(WHAT THIS TASK INVOLVES) Starting at the line that contains "Die Citizen Star" in the listing below, write out every line word for word until you have written the line that contains "En la grabación".

(GIVEN DATA)
Start of Block
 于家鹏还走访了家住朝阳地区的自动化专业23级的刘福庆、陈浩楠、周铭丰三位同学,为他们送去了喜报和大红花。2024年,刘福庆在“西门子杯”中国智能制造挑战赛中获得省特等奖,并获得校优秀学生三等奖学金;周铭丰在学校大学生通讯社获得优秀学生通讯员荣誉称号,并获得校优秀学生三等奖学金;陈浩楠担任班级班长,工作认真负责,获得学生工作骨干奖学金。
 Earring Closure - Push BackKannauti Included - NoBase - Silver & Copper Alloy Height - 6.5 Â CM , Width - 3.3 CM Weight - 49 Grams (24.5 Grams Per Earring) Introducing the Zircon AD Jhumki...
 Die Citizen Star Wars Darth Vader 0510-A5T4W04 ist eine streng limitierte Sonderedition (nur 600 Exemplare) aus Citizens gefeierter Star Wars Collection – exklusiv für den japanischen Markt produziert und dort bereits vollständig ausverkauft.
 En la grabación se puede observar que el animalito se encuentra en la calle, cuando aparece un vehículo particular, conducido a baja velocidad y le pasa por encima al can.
End of Block
Start of Block
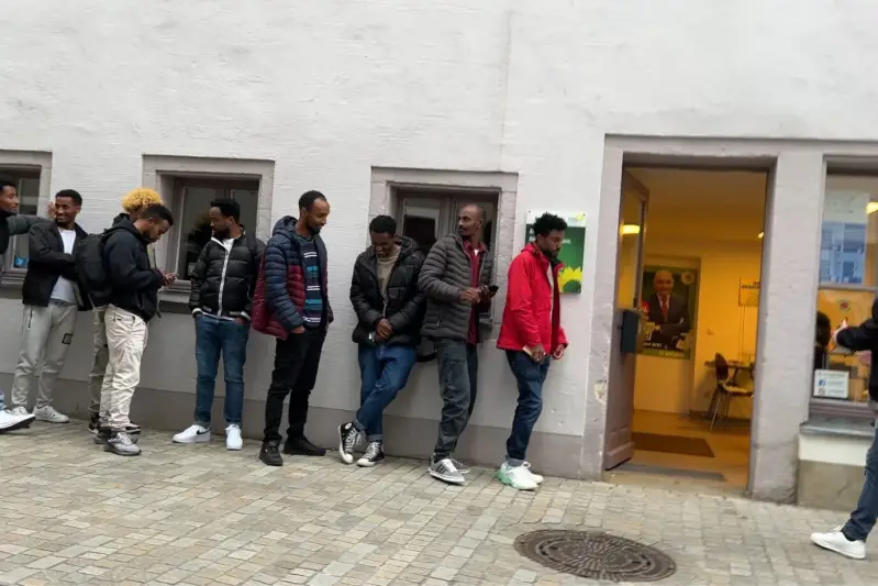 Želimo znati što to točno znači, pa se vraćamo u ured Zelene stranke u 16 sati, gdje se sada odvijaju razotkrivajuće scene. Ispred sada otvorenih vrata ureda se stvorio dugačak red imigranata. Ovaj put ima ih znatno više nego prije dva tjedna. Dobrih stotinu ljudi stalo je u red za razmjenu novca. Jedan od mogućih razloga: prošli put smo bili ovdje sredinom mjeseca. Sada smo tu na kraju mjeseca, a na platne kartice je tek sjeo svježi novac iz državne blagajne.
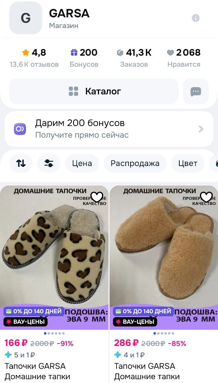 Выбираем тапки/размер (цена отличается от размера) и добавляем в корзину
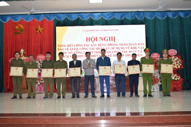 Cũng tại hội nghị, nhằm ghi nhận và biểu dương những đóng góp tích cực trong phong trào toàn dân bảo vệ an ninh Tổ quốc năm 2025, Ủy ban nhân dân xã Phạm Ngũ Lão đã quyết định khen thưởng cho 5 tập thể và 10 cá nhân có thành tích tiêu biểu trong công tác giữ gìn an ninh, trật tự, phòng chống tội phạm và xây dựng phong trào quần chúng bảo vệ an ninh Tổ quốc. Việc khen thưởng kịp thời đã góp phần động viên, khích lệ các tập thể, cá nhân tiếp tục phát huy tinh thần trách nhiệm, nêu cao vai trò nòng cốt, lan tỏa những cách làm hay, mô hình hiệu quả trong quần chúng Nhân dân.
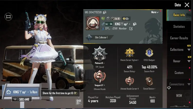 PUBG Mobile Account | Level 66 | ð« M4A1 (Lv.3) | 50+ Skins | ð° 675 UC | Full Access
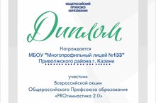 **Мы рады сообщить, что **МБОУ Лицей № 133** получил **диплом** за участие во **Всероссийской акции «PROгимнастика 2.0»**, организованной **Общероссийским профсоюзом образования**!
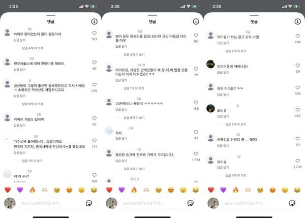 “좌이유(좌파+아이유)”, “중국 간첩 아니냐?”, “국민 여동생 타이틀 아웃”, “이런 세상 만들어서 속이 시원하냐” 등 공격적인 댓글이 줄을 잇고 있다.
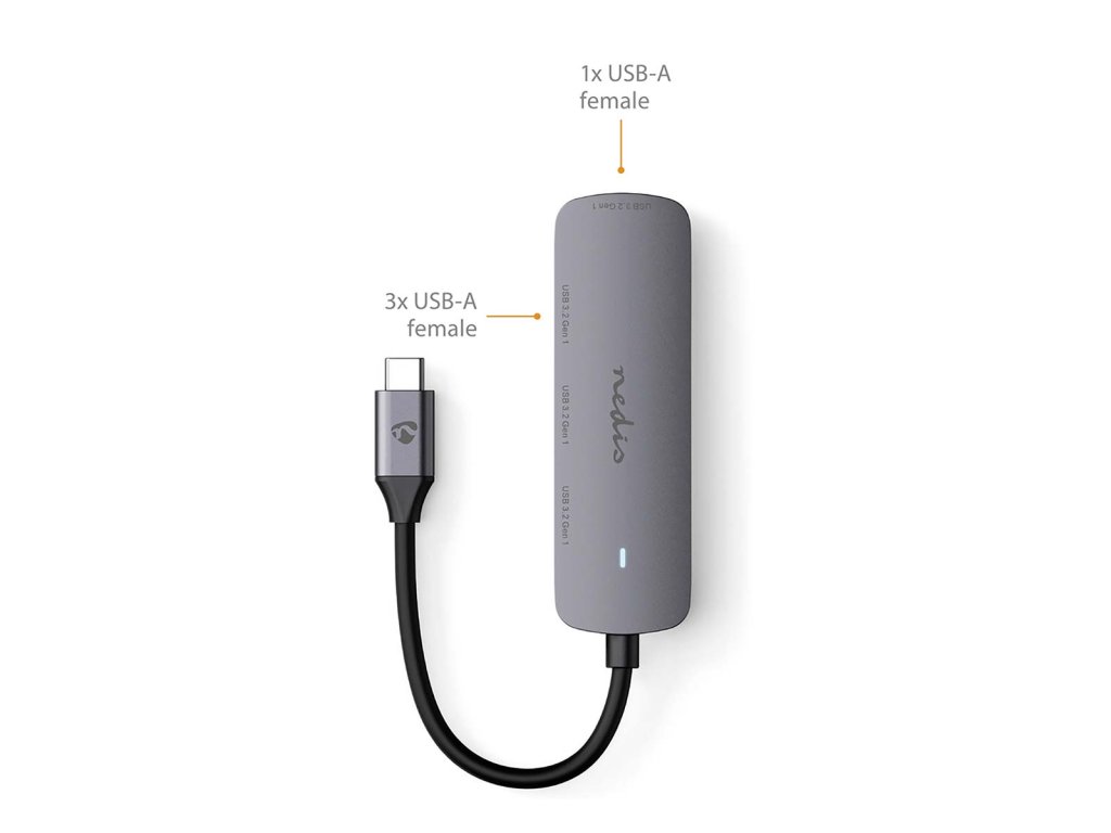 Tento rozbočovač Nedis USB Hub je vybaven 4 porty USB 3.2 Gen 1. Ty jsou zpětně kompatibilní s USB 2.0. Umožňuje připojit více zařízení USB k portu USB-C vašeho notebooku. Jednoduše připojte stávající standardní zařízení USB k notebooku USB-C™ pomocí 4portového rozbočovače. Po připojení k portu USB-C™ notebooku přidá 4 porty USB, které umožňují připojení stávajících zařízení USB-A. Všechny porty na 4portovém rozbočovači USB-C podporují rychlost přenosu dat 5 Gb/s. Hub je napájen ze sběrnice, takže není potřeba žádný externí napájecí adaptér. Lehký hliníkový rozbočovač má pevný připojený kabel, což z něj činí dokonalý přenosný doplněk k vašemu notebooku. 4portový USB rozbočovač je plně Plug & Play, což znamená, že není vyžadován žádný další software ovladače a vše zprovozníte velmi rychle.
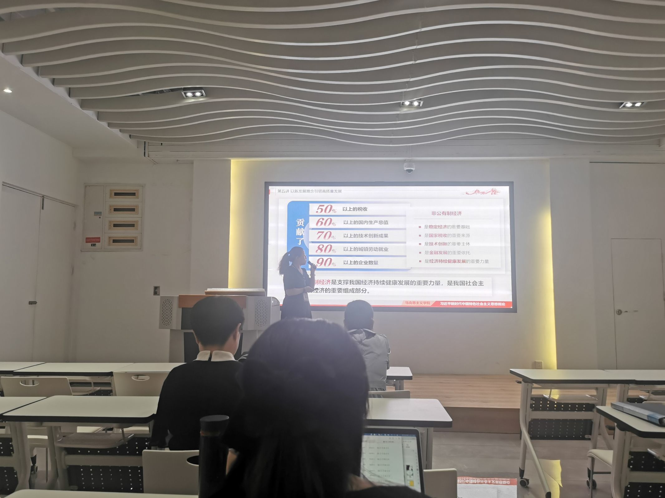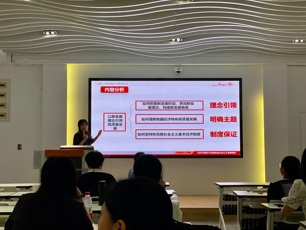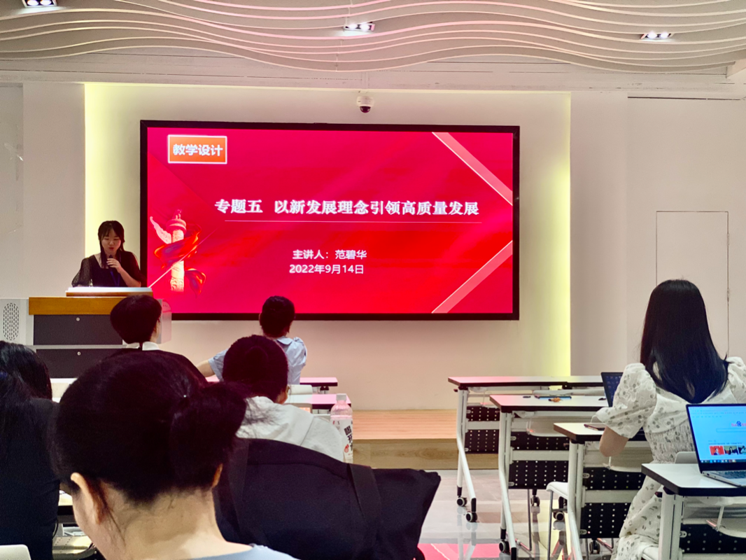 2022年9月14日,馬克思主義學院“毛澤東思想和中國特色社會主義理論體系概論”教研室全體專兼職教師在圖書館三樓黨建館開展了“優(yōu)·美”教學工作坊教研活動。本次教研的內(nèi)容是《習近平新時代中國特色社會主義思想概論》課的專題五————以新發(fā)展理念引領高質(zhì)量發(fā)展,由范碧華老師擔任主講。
End of Block
(SOLUTION FOR THIS TASK)
 Die Citizen Star Wars Darth Vader 0510-A5T4W04 ist eine streng limitierte Sonderedition (nur 600 Exemplare) aus Citizens gefeierter Star Wars Collection – exklusiv für den japanischen Markt produziert und dort bereits vollständig ausverkauft.
 En la grabación se puede observar que el animalito se encuentra en la calle, cuando aparece un vehículo particular, conducido a baja velocidad y le pasa por encima al can.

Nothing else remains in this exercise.